The 2010 Nobel Prize in Literature was awarded the Peruvian writer Mario Vargas Llosa (born 1936) "for his cartography of structures of power and his trenchant images of the individual's resistance, revolt, and defeat." The prize was announced by the Swedish Academy on 7 October 2010. He is the first Nobel laureate in Literature from Peru and the fifth Latin American to become one after 1982 Colombian laureate Gabriel García Márquez and 1971 Chilean laureate Pablo Neruda.

Laureate

Mario Vargas Llosa was one of the leading writers in the Latin American boom. His extensive, rich authorship consists mostly of novels, but also of plays, essays, literary criticisms, and journalism. His major breakthroughs include La ciudad y los perros (lit. "The City and the Dogs"/trans. "The Time of the Hero", 1963), La casa verde ("The Green House", 1965), La guerra del fin del mundo ("The War of the End of the World", 1984), and the monumental Conversación en la catedral ("Conversation in the Cathedral", 1969). His works reflect his ardent love of storytelling. They are characterized by rich language and cover a range of genres—from autobiographical books and historical novels to erotic fiction and thrillers such as La tía Julia y el escribidor ("Aunt Julia and the Scriptwriter", 1982) and Travesuras de la niña mala ("The Bad Girl", 2007). He has also won literary prizes such as the 1967 Rómulo Gallegos Prize, 1986 Prince of Asturias Award, 1994 Miguel de Cervantes Prize, and the 1995 Jerusalem Prize.

Reactions

The Nobel Prize in Literature awarded to Mario Vargas Llosa was well received around the world. "The world recognizes the intelligence and the will of freedom and democracy by Vargas Llosa and it is an act of enormous justice" said Alan García, president of Peru. Spanish writer Javier Marías said "it is one of those prizes that never or almost never needs to be discussed." Novelist William Boyd paid tribute to "a great chroncicler of the highs and lows of our carnal and passionate adventures as human beings". 
The prize was also celebrated by Bernard Kouchner, foreign minister of France, Felipe Calderón, president of Mexico, and the King of Spain Juan Carlos, among others. 

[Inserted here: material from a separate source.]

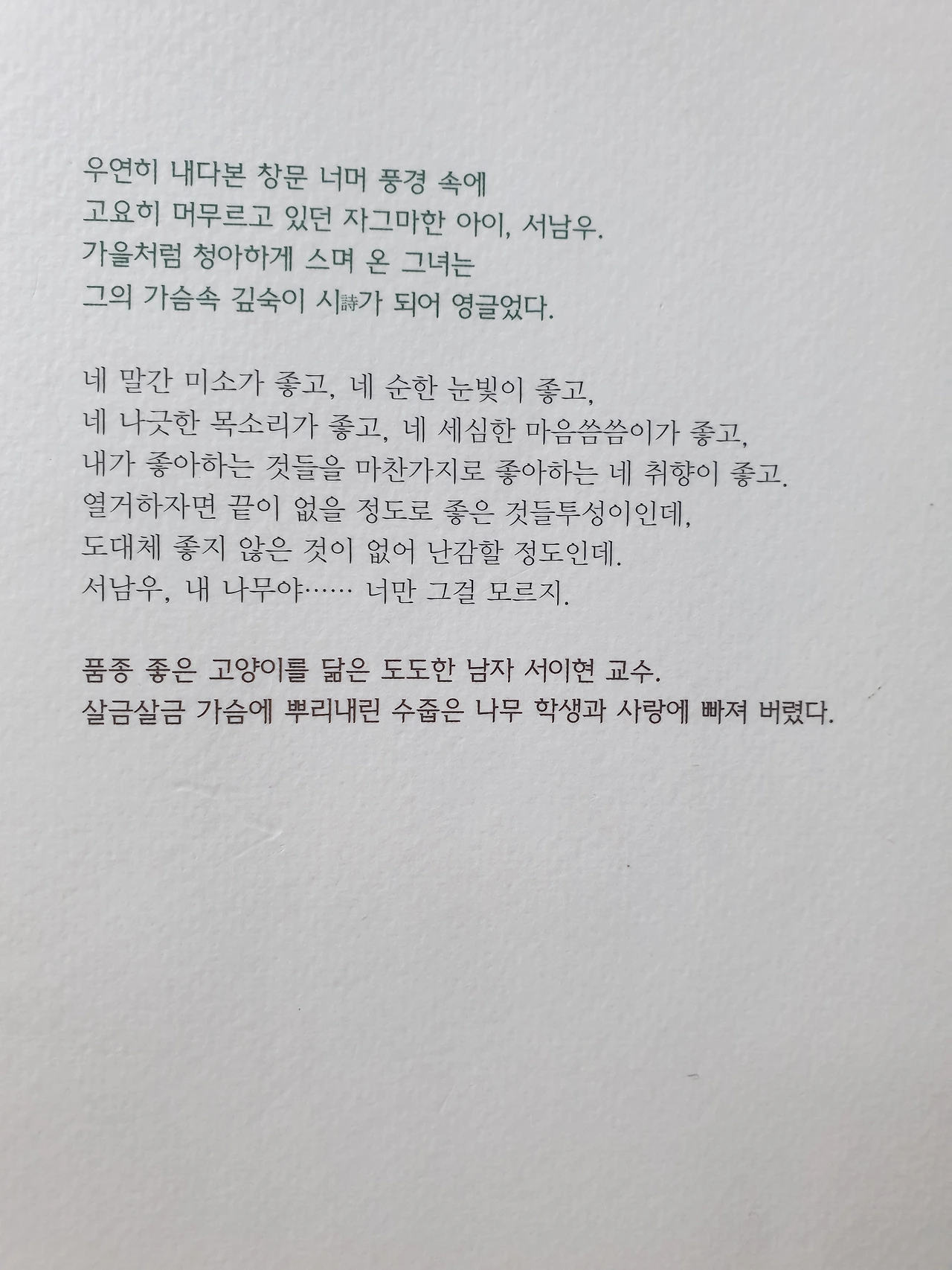 전혀 유치하지 않고 아름다운 사랑이야기가 담겨있습니다. 중간중간 소개된 '영시'를 감상하는 재미와 매력이 있습니다. 20편의 영시가 소설 속 스토리와 잘 맞아떨어져 잔잔하게 스며드는 감동이 있습니다. 밤을 꼴딱 새워 가며 오랜만에 청춘을 소환해서 읽었던 책을 소개합니다. 오글거리고 간질간질한 책이 가끔은 생활에 활력을 주기도 합니다. 최근 무거운 책들을 많이 읽으셨다면 가볍게 로맨스 소설 한 편 어떠신가요?

Vargas Llosa himself said he was delighted but surprised: "For years I haven't thought about the Nobel prize at all. They didn't mention me in recent years so I didn't expect it. It's been a surprise, very nice, but a surprise. At first I thought it was a joke," he told RPP Noticias.

Nobel lecture
In his Nobel lecture Elogio de la lectura y la ficción, delivered at the Swedish Academy on 7 December 2010, Vargas Llosa paid tribute to the power of fiction and said he believed it was essential to a healthy society. "We would be worse than we are without the good books we have read, more conformist, not as restless, more submissive, and the critical spirit, the engine of progress, would not even exist," he argued. "Like writing, reading is a protest against the insufficiencies of life. When we look in fiction for what is missing in life, we are saying, with no need to say it or even to know it, that life as it is does not satisfy our thirst for the absolute – the foundation of the human condition – and should be better."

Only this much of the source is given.